The pre-fall stories came more out of older memories from family members and from the research I did of that time. In terms of writing about the two eras, I wanted to show how much had changed and also, how little had changed. People went from living in one brutal system to another brutal system. Having grown up mostly in North America, I was also trying to understand Soviet nostalgia, what things were easier in the old days, because there were a lot of things that were easier. More was determined for you and you didn’t have as many choices, but in a way that made things simpler. Your life was more planned out, you didn’t have to worry about job security, and there was free daycare.
I know that your next project is a novel. Can you share a bit about that?

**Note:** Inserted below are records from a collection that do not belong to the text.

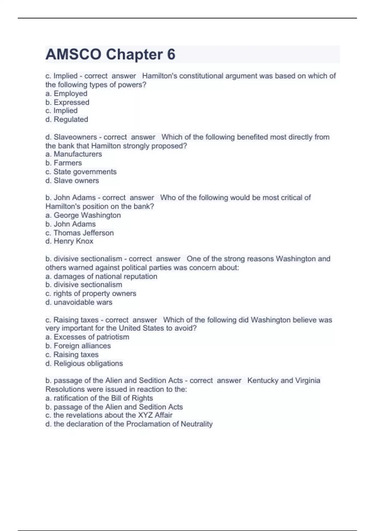 AMSCO Chapter 6 Questionc. Implied - correct answer Hamilton's constitutional argument was based on which of the following types of powers? a. Employed b. Expressed c. Implied d. Regulated d. Slaveowners - correct answer Which of the following benefited most directly from the bank that Hamilton strongly proposed? a. Manufacturers b. Farmers c. State governments d. Slave owners b. John Adams - correct answer Who of the following would be most critical of Hamilton's position on the bank? a. George Washingt and answers already passed 2023/2024
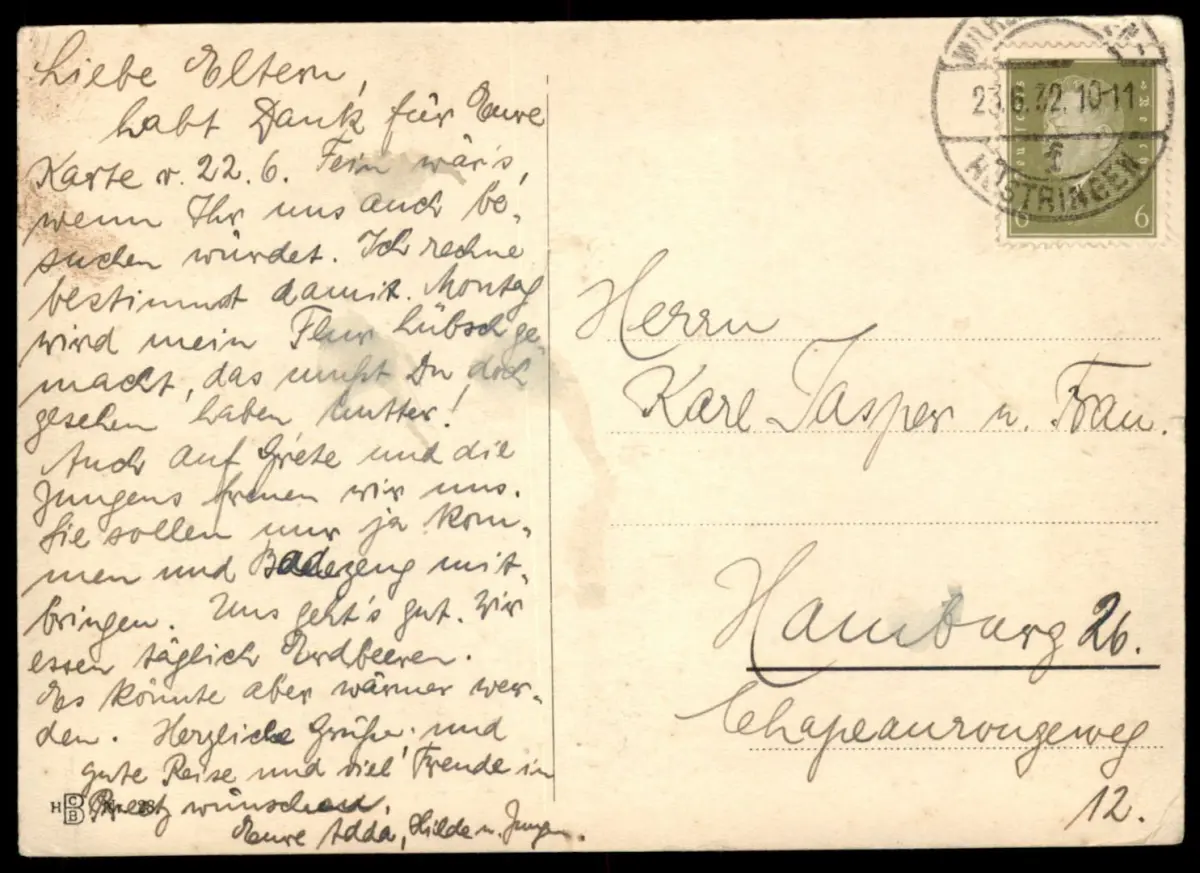 Gelaufen: 23.06.1932 mit Stempel Wilhelmshaven Rüstringen nach Hamburg
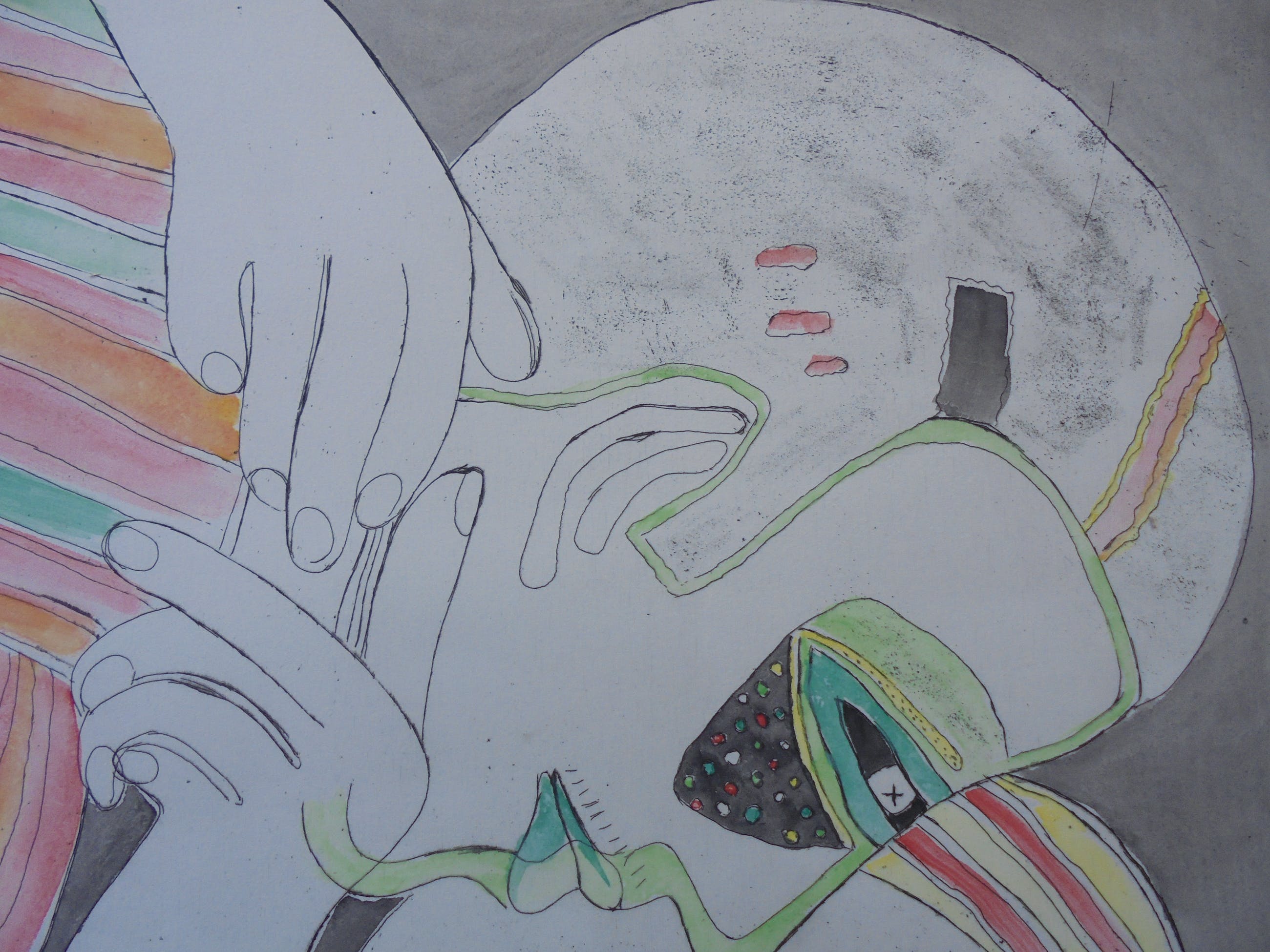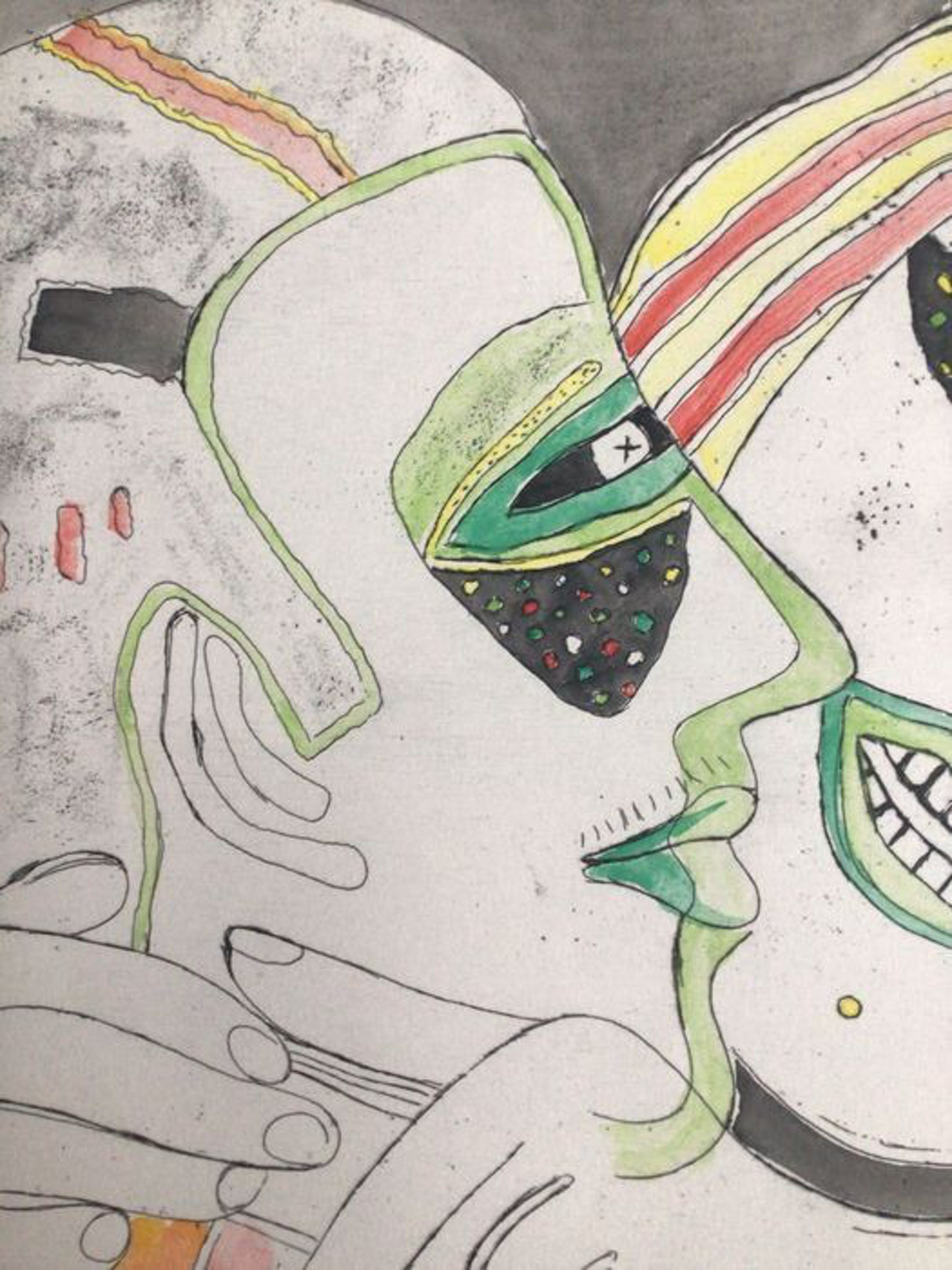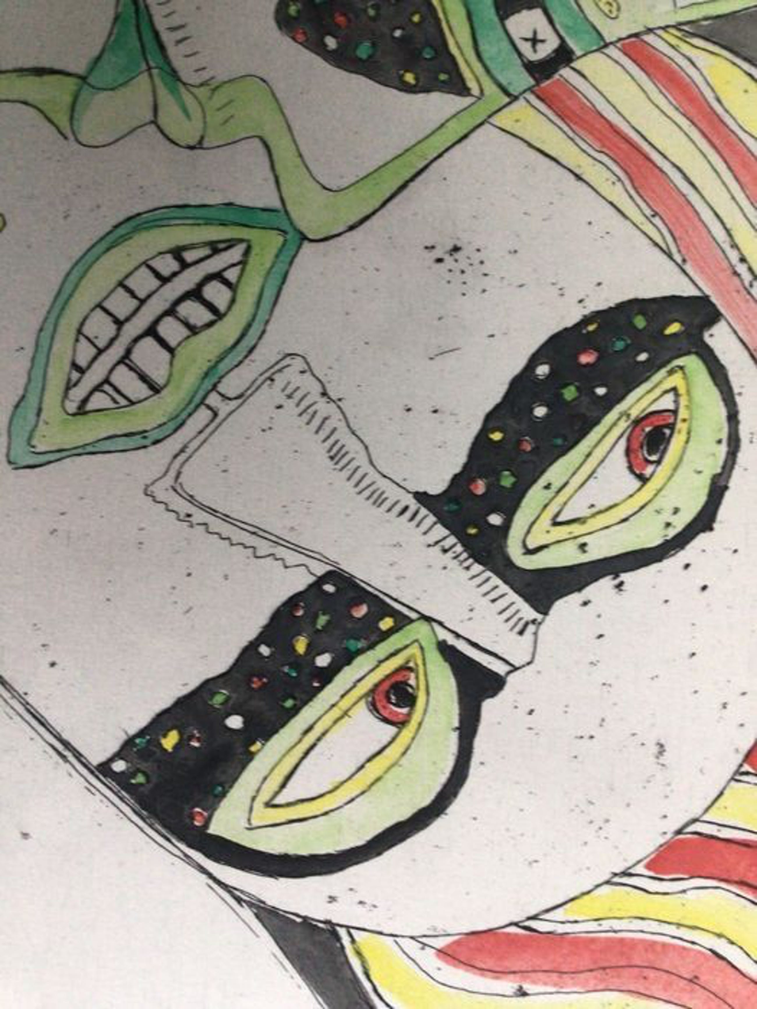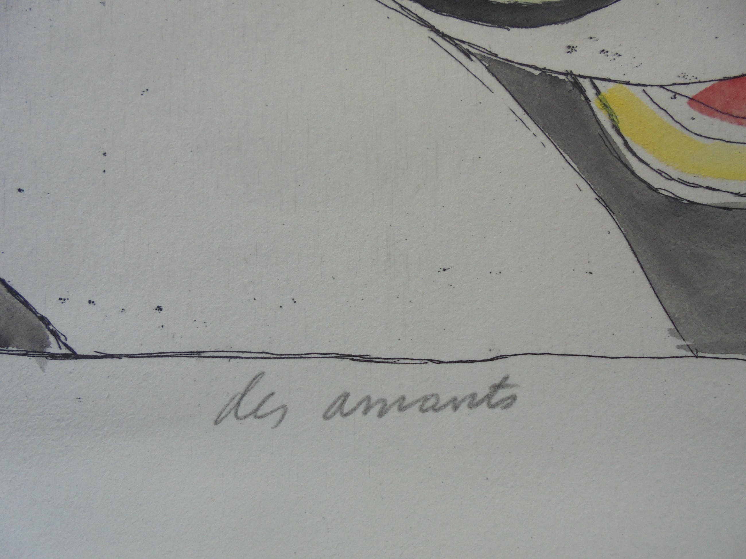Het gaat om een verhoogde zwart-wit prent die door Corneille met de hand geaquarelleerd werd, zoals door Corneille eigenhandig met potlood geschreven: “Aquarellée main”. Corneille schreef eveneens “P/U”, dit staat voor “Pièce Unique” en bevestigt dat dit een uniek werk is. De verdere beschrijving spreekt voor zich via de foto’s.
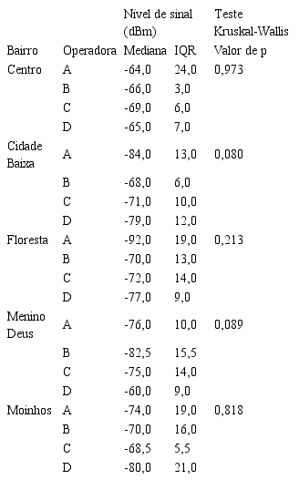 A Tabela 1 apresenta a Mediana (MD) e a amplitude interquartílica (IQR) para os níveis de sinal das quatro operadoras nos diferentes bairros. Dentro de cada bairro foi realizado o teste de Kruskal-Wallis.
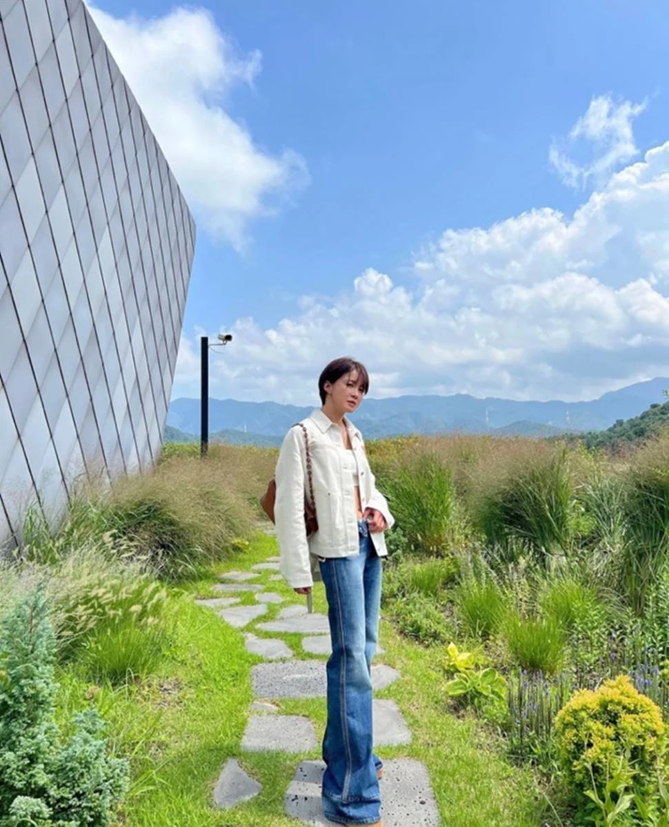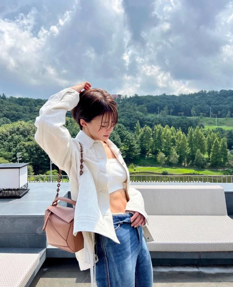 해당 사진은 야외 옥상 등 곳곳에서 촬영됐다. 이시영은 화이트 재킷과 부츠컷 진을 매치했다. 허리 부분은 살짝 접어 탄탄한 복근을 드러내기도 했다.
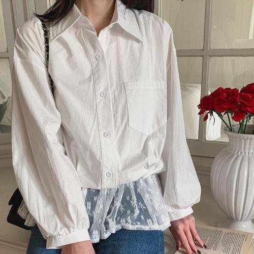 [신상오픈런]여성 루즈핏 면 레이스 밑단 레이어드 카라 블라우스

I’m currently working on a novel set partly in modern-day Ukraine, and partly in Texas where I’ve lived for the past four years. I’ve been itching to write about Texas.
Are there lessons working on your collection that you think will translate over to your novel?
I think writing Good Citizens Need Not Fear taught me to pivot a lot faster when I know something isn’t working. I used to dwell on plot and story trajectories that weren’t working for too long, and be precious about changing things. Now I’m more willing to take things apart and put them back together over and over again until something fits. Writing this first book has taught me to be more ruthless in the revision process.
ISAAC YUEN
Isaac Yuen’s short fiction and personal essays have appeared in Newfound, Orion, Tahoma Literary Review, Tin House, Shenandoah, and elsewhere. He was a 2019 Jan Michalski Foundation nature writer-in-residence in Montricher, Switzerland, and currently lives in Vancouver, Canada, on unceded Coast Salish territory.